What you are asked to do ▸
Give back the full listing, character for character, with no pictures.

START Recorded information

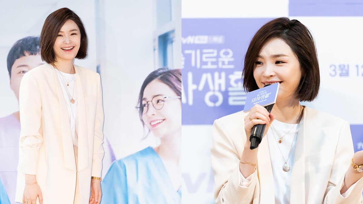 《機智醫生生活》的開播記者會上,田美都就穿著了淺色系的西裝套裝,上醫則是選擇白Tee,看起來率性又不失正式感,而她特地加上項鍊能為整體造型更加分。
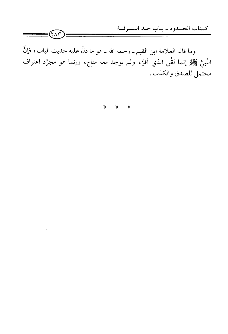 وما قاله العلامة ابن القيم -رحمه الله- هو ما دلَّ عليه حديث الباب، فإنَّ النَّبيَّ -صلى الله عليه وسلم- إنما لقَّن الذي أقرَّ، ولم يوجد معه متاع، وإنما هو مجرَّد اعتراف محتمل للصدق والكذب.
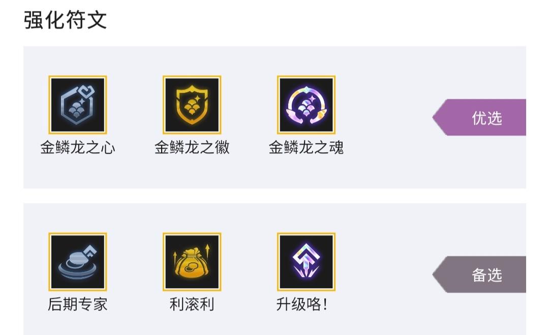 2.强化符文:优选最好是关于金鳞龙转职相关的强化符文。其次可以选择后期专家,利滚利和升级咯等经济类型的强化符文。
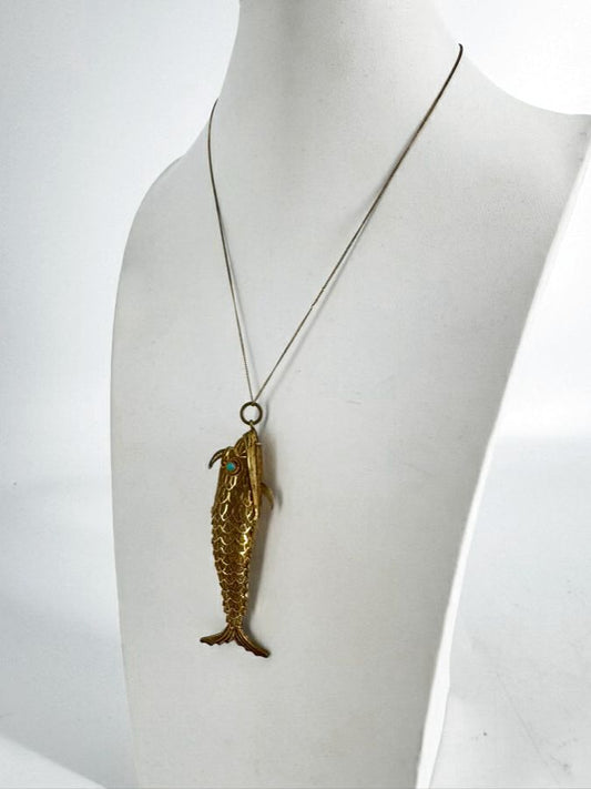 STERLING SILVER Gold Tone Koi Fish Locket Necklace

END Recorded information

Reply ▸
 《機智醫生生活》的開播記者會上,田美都就穿著了淺色系的西裝套裝,上醫則是選擇白Tee,看起來率性又不失正式感,而她特地加上項鍊能為整體造型更加分。
 وما قاله العلامة ابن القيم -رحمه الله- هو ما دلَّ عليه حديث الباب، فإنَّ النَّبيَّ -صلى الله عليه وسلم- إنما لقَّن الذي أقرَّ، ولم يوجد معه متاع، وإنما هو مجرَّد اعتراف محتمل للصدق والكذب.
 2.强化符文:优选最好是关于金鳞龙转职相关的强化符文。其次可以选择后期专家,利滚利和升级咯等经济类型的强化符文。
 STERLING SILVER Gold Tone Koi Fish Locket Necklace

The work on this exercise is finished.